You didn’t notice her; she is the woman in the corner. How do I know this? My whole life I have been one of the women in the corner. Unlike Baby in Dirty Dancing, no one put me here. Some of us corner women who understand the Dirty Dancing reference wonder if a man with the swagger of Patrick Swayze will extend his hand out to us to say hello.
Who is the woman in the corner? Look around next time you go to the bar, a networking event, your workplace cafeteria, restaurant, or local coffee shop. She’s hanging out focused on what brings her joy- reading a book, sipping on a cup of tea, or laughing with her friends. She may be quirky, tell corny jokes, or not have mastered the art of flirting. Beneath all of these endearing traits, she has a heart of gold.

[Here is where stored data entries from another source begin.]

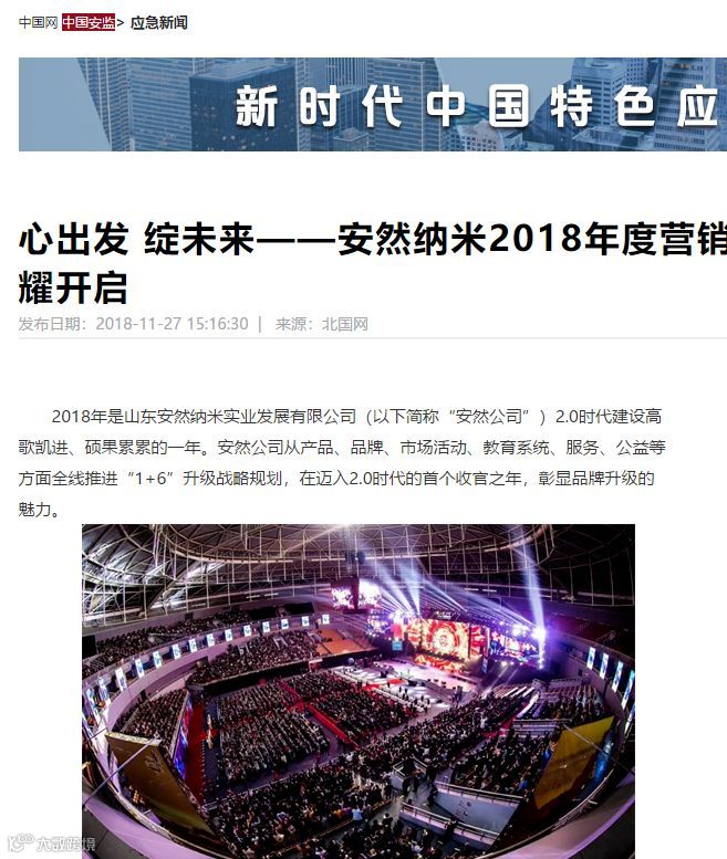 2018年11月27日,中国网专题报道“心出发 绽未来——安然纳米2018年度营销表彰盛典荣耀开启”。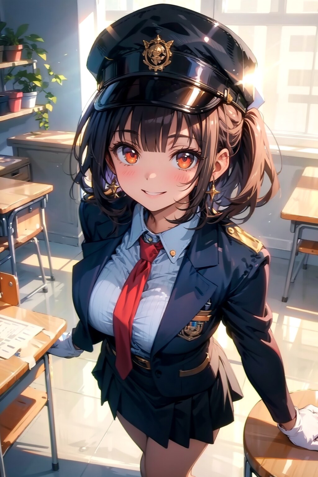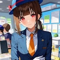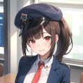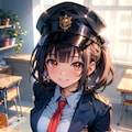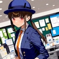 "dark blue jacket, blue round (bowler hat), station staff" でなんとかそれっぽくなるが、教室の机が出たりする。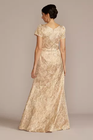 Eye-catching gold metallic tones illuminate this short sleeve jacquard gown. Together, the sheath silhouette and waist detail highlight your curves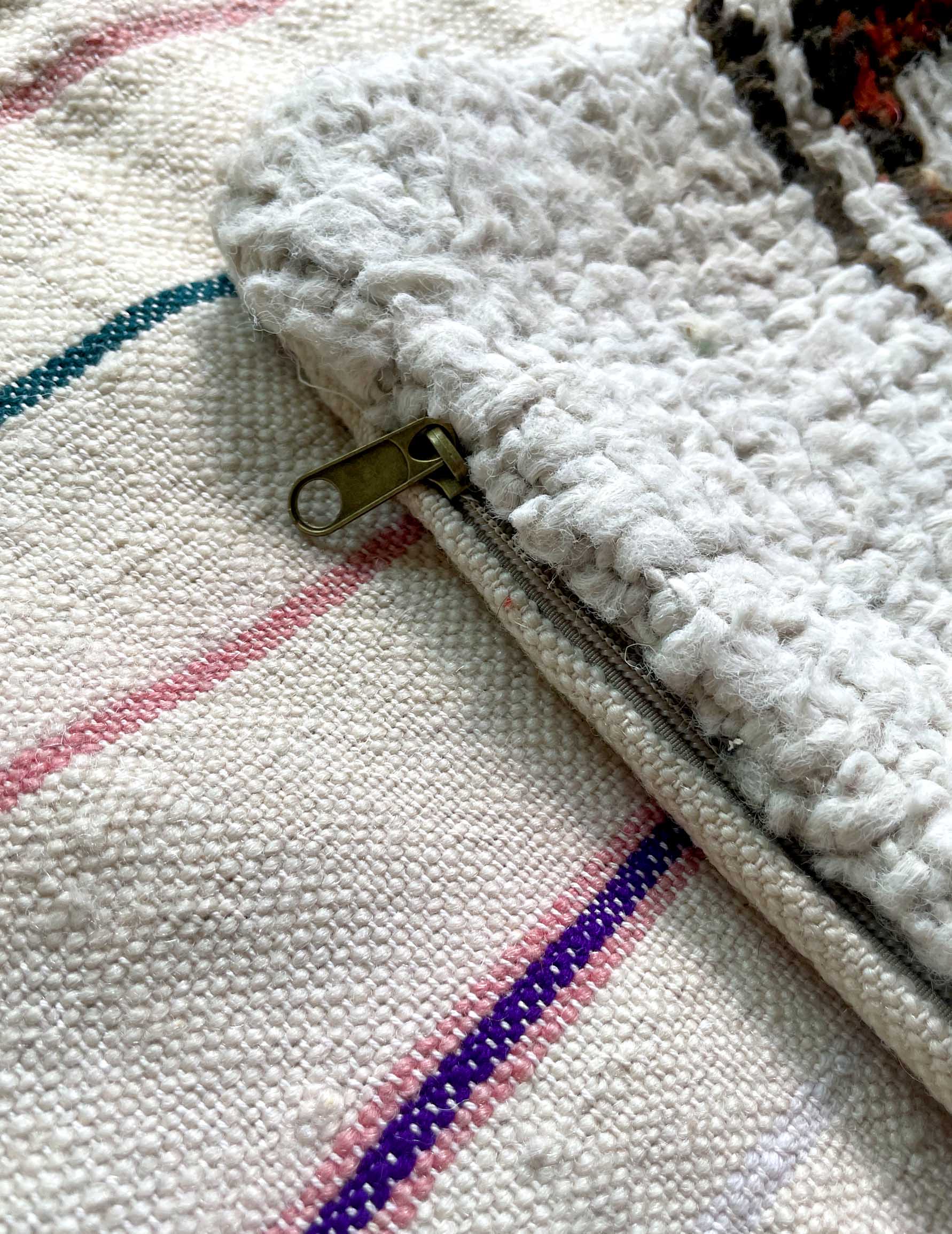 ベルベル人女性により織られたハンドメイドのラグを使用したウールのクッションカバーです。

Initially, the woman many men are drawn to is the “attention-grabber.” An attention-grabber is the female on one mission. She wants to get noticed not only by you but also by every man and woman in the room. She is likely dressed provocatively, talking loudly, and every straight man turns their head in appreciation. Now the hunt is on. Who is the lucky man to get the attention-grabber to notice him first? Whose phone number will she accept? Will you come in second place as the backburner man?
We women in the corner just smile with knowing, watching the game unfold in front of us. We don’t engage in similar behavior, and it does not have to do with a lack of confidence. In fact, we likely share a deeper level of self-worth, dignity, and grace. You just didn’t stop to notice.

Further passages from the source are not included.